I have created 2 logstash pipelines to index docs in Index A and Index B. I am pulling data from 2 tables in Oracle DB and indexing it in Index A & B respectively.
The requirement is to update all docs in Index B for a given attribute value term/filter, if the attribute changes in Index A
I am trying to trigger one to many bulk updates to docs in Index B using _update_by_query & HTTP output plugin in logstash i.e. if a doc updates in Index A , I want to update multiple docs in Index B.
Approach# 1
Here is what i have done to achieve this i Index A:
filter {
ruby {
code => "
boolArr = [
{
'term'=> {
'rootAttr.childAttr1.keyword' => {
'value' => event.get('[rootAttr][childAttr1]')
}
}
},
{
'term'=> {
'rootAttr.childAttr2.division.keyword' => {
'value' => event.get('[rootAttr][childAttr2]')
}
}
}
]
event.set('[query][bool][must]', boolArr )

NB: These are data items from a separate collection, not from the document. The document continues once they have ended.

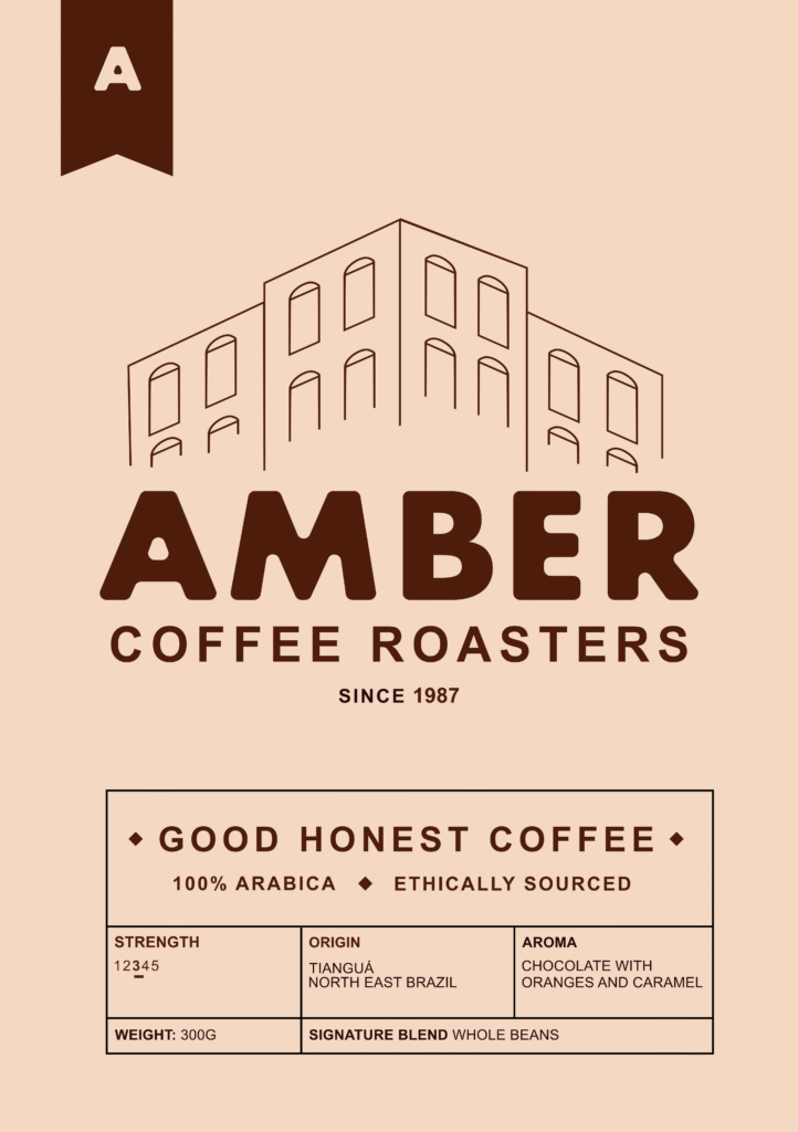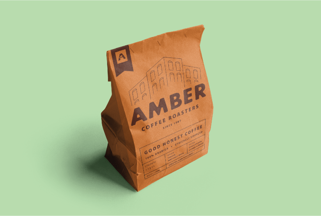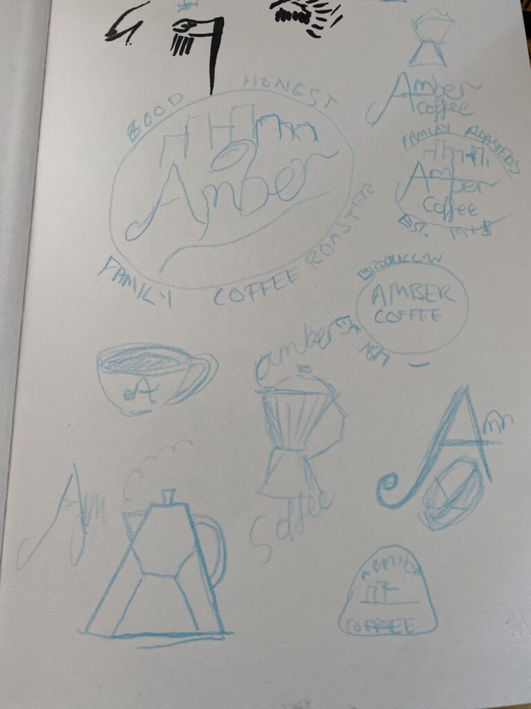 I started off with a hand drawn logo, a A in the form of a carafe and various other inspirations from the moodboard I had created. Eventually settling on a slight tweaked bold A for the main logo with a straightforward sanserif typeface and an interpretation of the iconic Brooklyn buildings as background, incidental imagery. The colours were inspired by Amber’s warm yellow/orange and the browns of delicious coffee!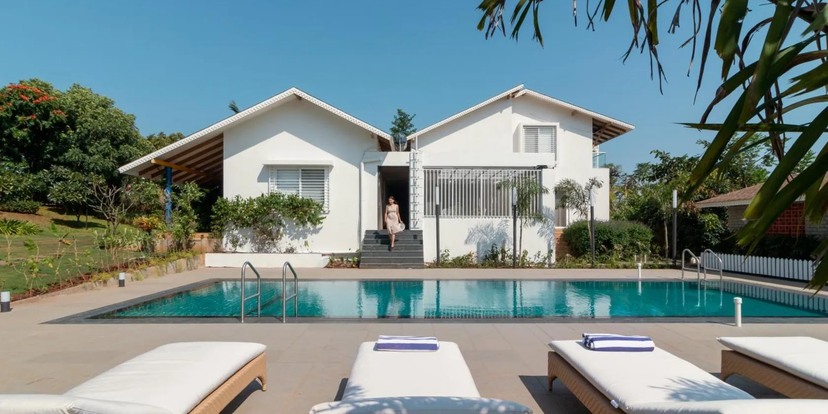 SaffronStays Amaltas, Nashik - pool villa with huge lawns perfect for large groups and corporate offsites beschikt over een buitenzwembad, een tuin, een gedeelde lounge, en biedt accommodatie in...
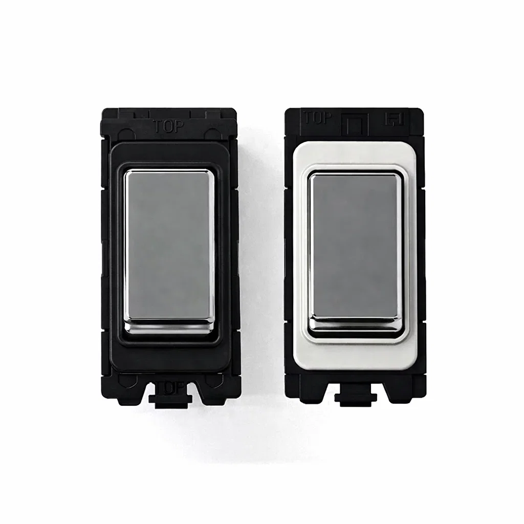 G&H Electrical's Polished Chrome Grid Switch Modules offer a sleek and modern solution for those seeking a contemporary touch in their electrical installations. The polished chrome finish exudes a sense of sophistication, making these modules ideal for modern interiors. Beyond the aesthetic appeal, G&H Electrical ensures practicality by providing a variety of switch options. Users can choose from standard rocker switches for simplicity or opt for dimmer controls for more nuanced lighting control. What sets these modules apart is the engraving option, allowing for a personalised touch. Whether it's labeling switches for specific lights or functions, or adding a unique detail to each switch, the engraving feature adds a bespoke element to the design.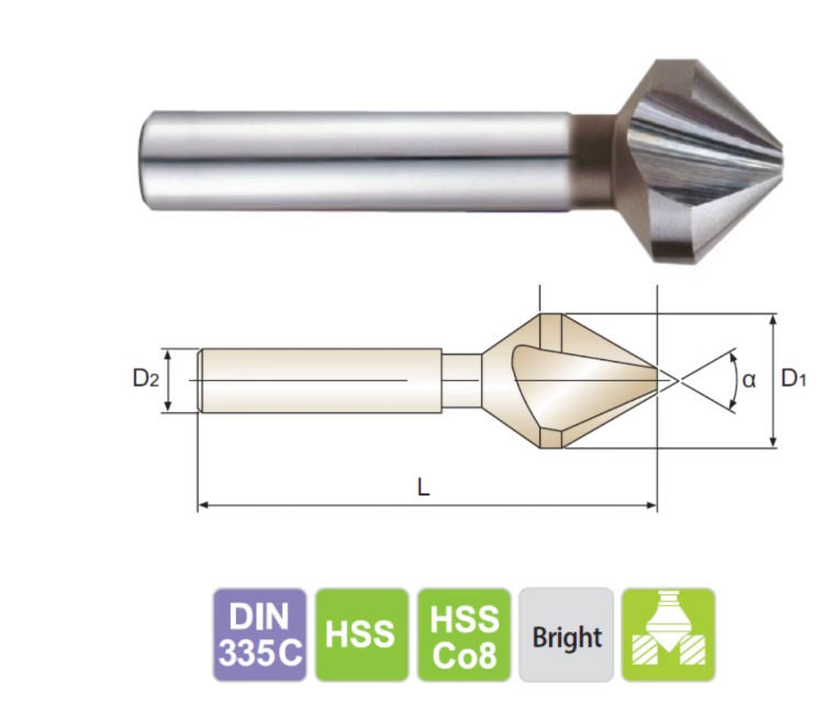 วัสดุ: ผลิตจาก HSS Co8 (เหล็กกล้าความเร็วสูงผสมโคบอลต์) ตามมาตรฐาน DIN 335 C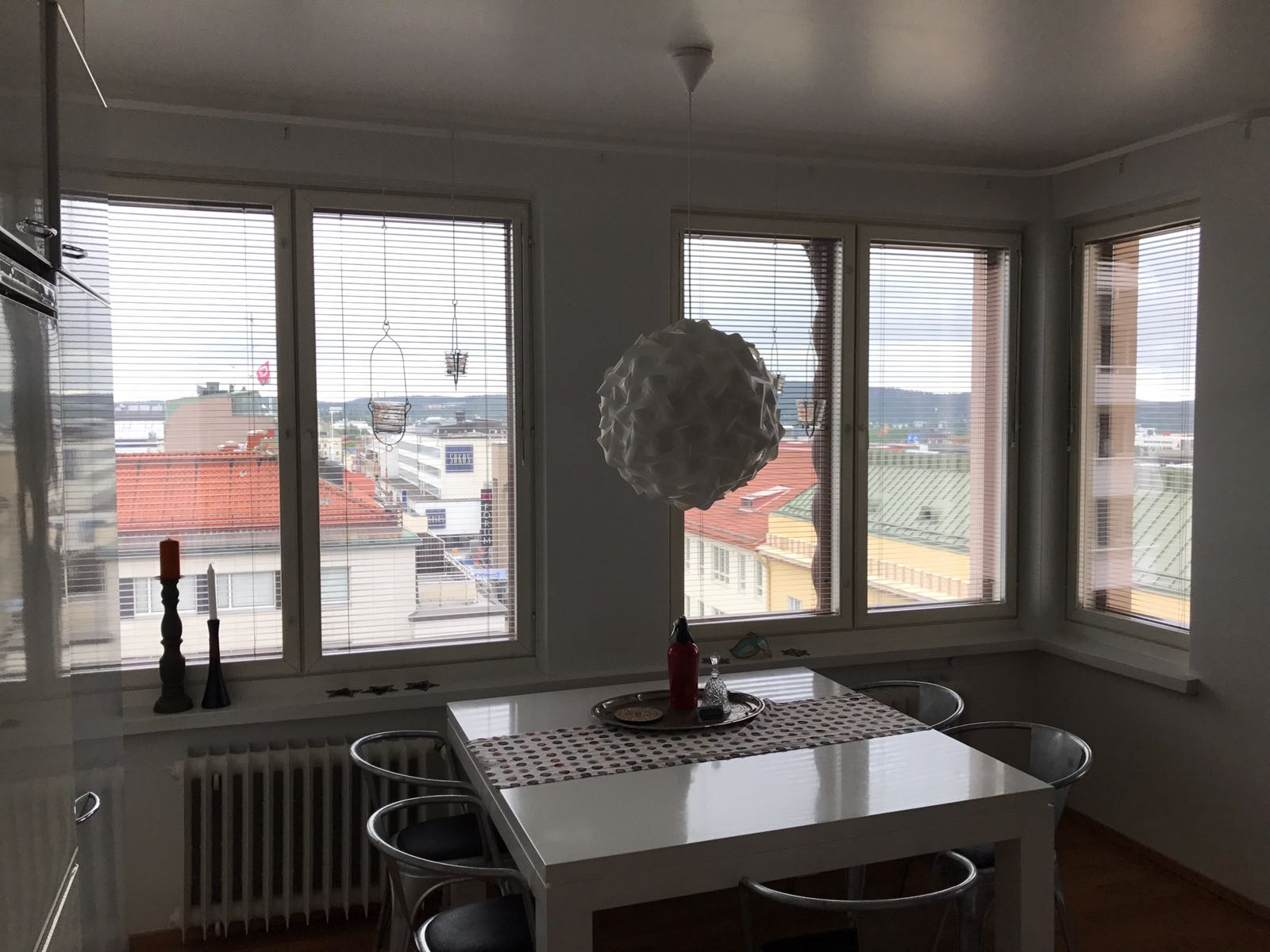Aamulla saimme ihastella kauniita maisemia yli Jyväskylän ja totesimme samalla, että vaikka alhaalla menee paljon liikennettä, ei kattohuoneistoon kuulunut juuri mitään ääniä. Jos siis kaipaat lepoa ja rauhaa Jyväskylän keskustasta, niin tsekkaa myös tämä vaihtoehto. Löytyy muuten myös Airbnb:n kautta.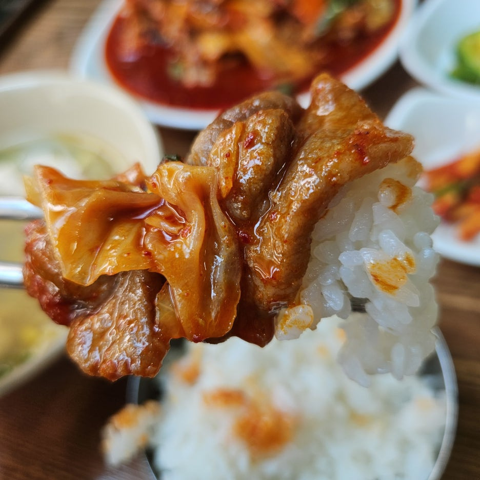 역시 이런 느낌의 백반 반찬은 밥과 함께 먹어야 제맛이다. 볶음 양념이 전혀 맵지 않고, 달달한 느낌이라 맵찔이 입맛의 나에게는 좋았다. 밥과 함께하니 더욱더.

event.set('[script][params][newRootAttr]', event.get('rootAttr') )
"
}
mutate {
add_field => {
"[script][lang]" => "painless"
"[script][source]" => "ctx._source.rootAttr = params.newRootAttr"
}
}
}
output {
http {
url => "${elasticsearch_hosts}/index_B/_update_by_query?conflicts=proceed"
http_method => "post"
format => "json"
}
}
Approach# 2:
Pull data from DB based on greatest value of tracking column from both the tables & re-index docs in Index B
I want to understand what is the best approach out of above 2 approaches from performance and error handling perspective.
Thanks,
Mo